32 lines (23 loc) · 3.29 KB

D3D12 Meshlet Culling Sample

Description

Amplification shaders are an optional stage preceding the mesh shader stage in the Mesh Shader Pipeline. Its purpose is to determine the required number of mesh shader threadgroups necessary in a specific GPU task, optionally passing a payload of data to its dispatched MS child threadgroups. This can be used to reduce or expand workloads before they reach the mesh shader stage in the pipeline.

This sample demonstrates how to leverage amplification shaders to cull meshlets against the camera using per-meshlet culling metadata. The goal is to minimize the number of mesh shader threadgroups required to only those portions that are deemed potentially visible before they’re ever launched.

There are a couple render modes provided by the sample: flat shading and a meshlet visualization. Within the meshlet view mode you can pick a meshlet from the scene to visualize its bounding sphere and a cone which represents the breadth of normals within the meshlet. No cone is rendered if that meshlet’s cone of normals forms a degenerate cone (wider than a hemisphere.)

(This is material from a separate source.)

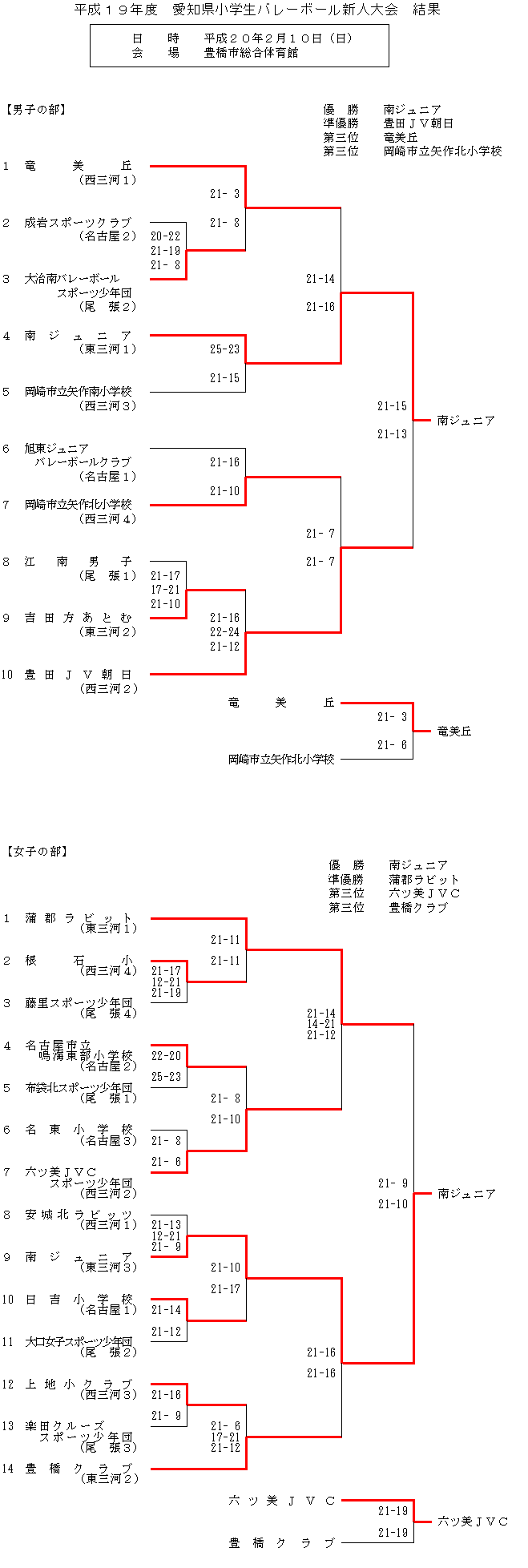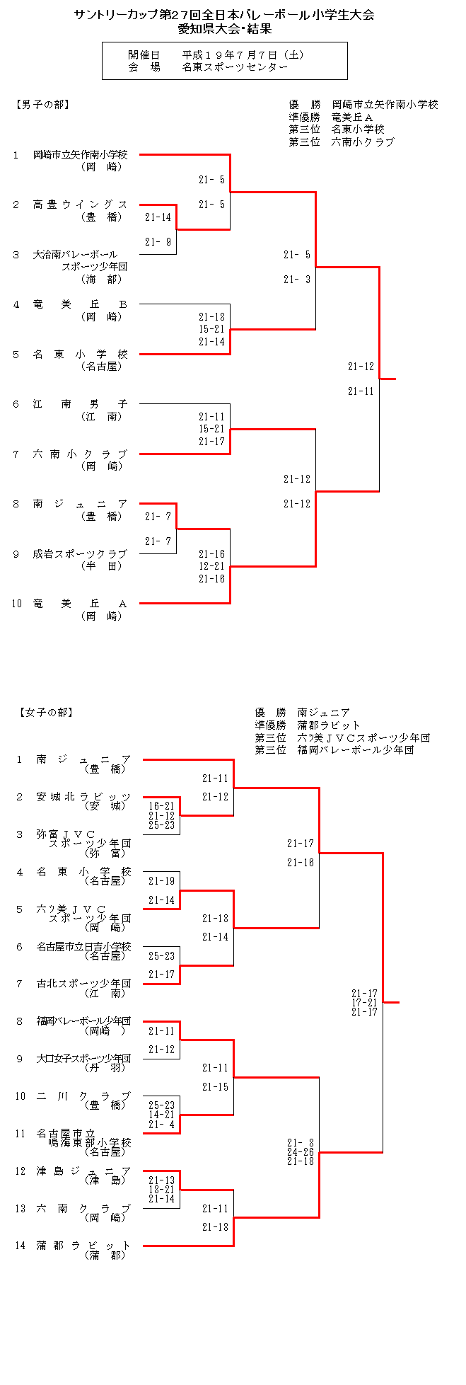 サントリーカップ愛知県大会 試合結果

D3D12 Meshlet Culling Preview


Controls

ASWD Translate Camera
Arrow Keys Rotate Camera
Shift + ASWD Translate Debug Camera
Shift + Arrow Keys Rotate Debug Camera
Space Toggle Meshlet Drawing
Mouseover Highlight Meshlet for Selection
Tab Select Highlighted Meshlet

Implementation Notes

This technique starts with the generation of culling data at meshlet generation time. After the meshlet list is complete each meshlet’s object space bounding sphere and normal cone is computed. This data is then compressed through quantization to save memory on-disk and read bandwidth.

A normal cone represents the spread of the normals within a meshlet – a cone enveloping all the normals of its primitives. It’s stored as a 4-tuple of normalized float values – a 3D unit vector representing the average normal direction and a scalar representing the dot product between that vector and the most divergent triangle normal.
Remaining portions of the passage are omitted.